◆ Problem requirements ◆
Repeat each record below exactly, dropping the pictures.

◆ Materials provided ◆
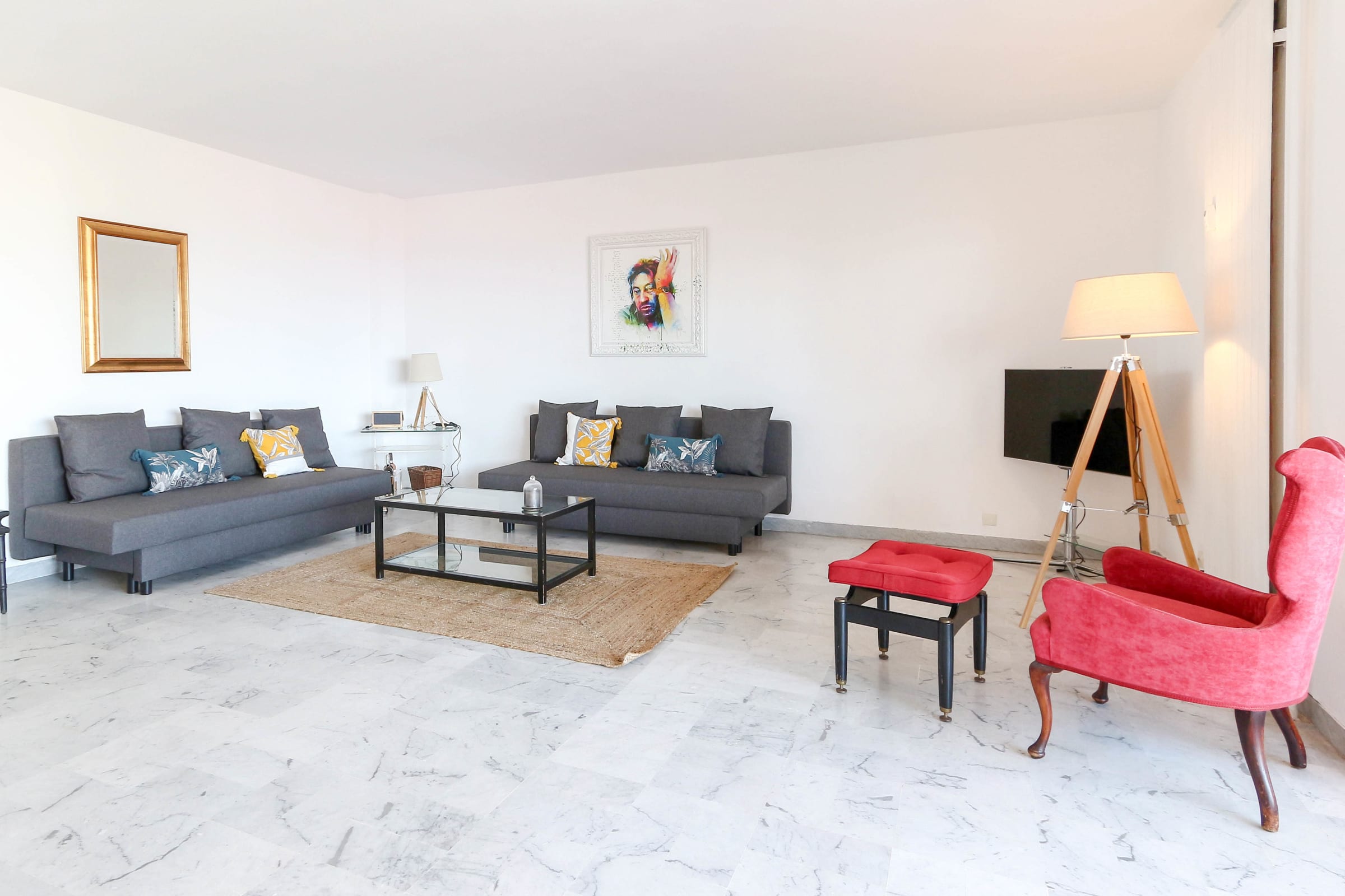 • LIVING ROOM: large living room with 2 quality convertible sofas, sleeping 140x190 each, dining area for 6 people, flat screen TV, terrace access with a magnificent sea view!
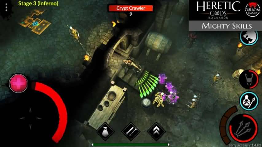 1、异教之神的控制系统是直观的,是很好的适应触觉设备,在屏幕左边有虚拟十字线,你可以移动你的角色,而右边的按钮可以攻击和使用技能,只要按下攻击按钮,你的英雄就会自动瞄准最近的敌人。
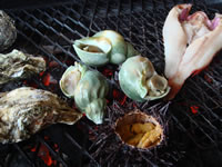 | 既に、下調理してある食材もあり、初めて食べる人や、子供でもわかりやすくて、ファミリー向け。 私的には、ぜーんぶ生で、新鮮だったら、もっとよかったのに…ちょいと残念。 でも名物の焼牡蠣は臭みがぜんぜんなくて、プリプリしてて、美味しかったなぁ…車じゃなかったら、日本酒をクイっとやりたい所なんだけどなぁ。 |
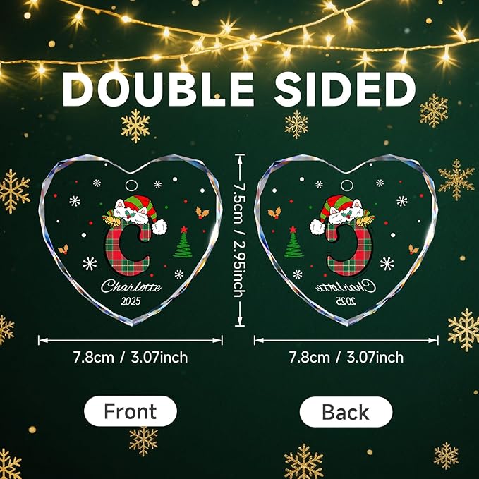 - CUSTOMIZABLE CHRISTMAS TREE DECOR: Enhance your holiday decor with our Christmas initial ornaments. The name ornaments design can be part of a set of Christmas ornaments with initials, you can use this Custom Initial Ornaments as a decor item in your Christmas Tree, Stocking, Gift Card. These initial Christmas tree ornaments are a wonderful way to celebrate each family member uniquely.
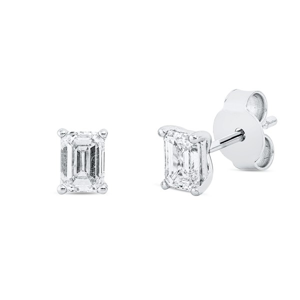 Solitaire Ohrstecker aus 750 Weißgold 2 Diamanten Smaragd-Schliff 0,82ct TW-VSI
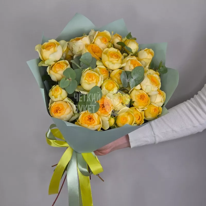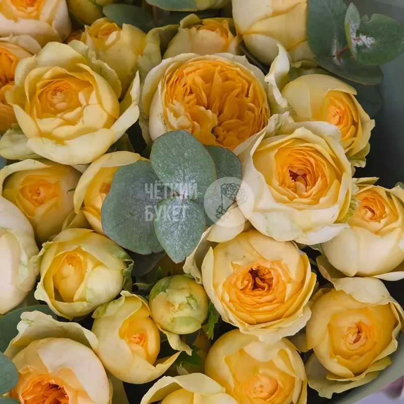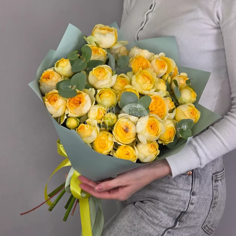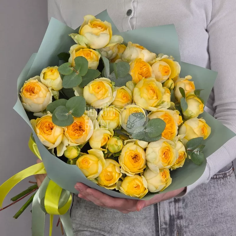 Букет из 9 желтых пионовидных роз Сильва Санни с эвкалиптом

◆ Task result ◆
 • LIVING ROOM: large living room with 2 quality convertible sofas, sleeping 140x190 each, dining area for 6 people, flat screen TV, terrace access with a magnificent sea view!
 1、异教之神的控制系统是直观的,是很好的适应触觉设备,在屏幕左边有虚拟十字线,你可以移动你的角色,而右边的按钮可以攻击和使用技能,只要按下攻击按钮,你的英雄就会自动瞄准最近的敌人。
 | 既に、下調理してある食材もあり、初めて食べる人や、子供でもわかりやすくて、ファミリー向け。 私的には、ぜーんぶ生で、新鮮だったら、もっとよかったのに…ちょいと残念。 でも名物の焼牡蠣は臭みがぜんぜんなくて、プリプリしてて、美味しかったなぁ…車じゃなかったら、日本酒をクイっとやりたい所なんだけどなぁ。 |
 - CUSTOMIZABLE CHRISTMAS TREE DECOR: Enhance your holiday decor with our Christmas initial ornaments. The name ornaments design can be part of a set of Christmas ornaments with initials, you can use this Custom Initial Ornaments as a decor item in your Christmas Tree, Stocking, Gift Card. These initial Christmas tree ornaments are a wonderful way to celebrate each family member uniquely.
 Solitaire Ohrstecker aus 750 Weißgold 2 Diamanten Smaragd-Schliff 0,82ct TW-VSI
 Букет из 9 желтых пионовидных роз Сильва Санни с эвкалиптом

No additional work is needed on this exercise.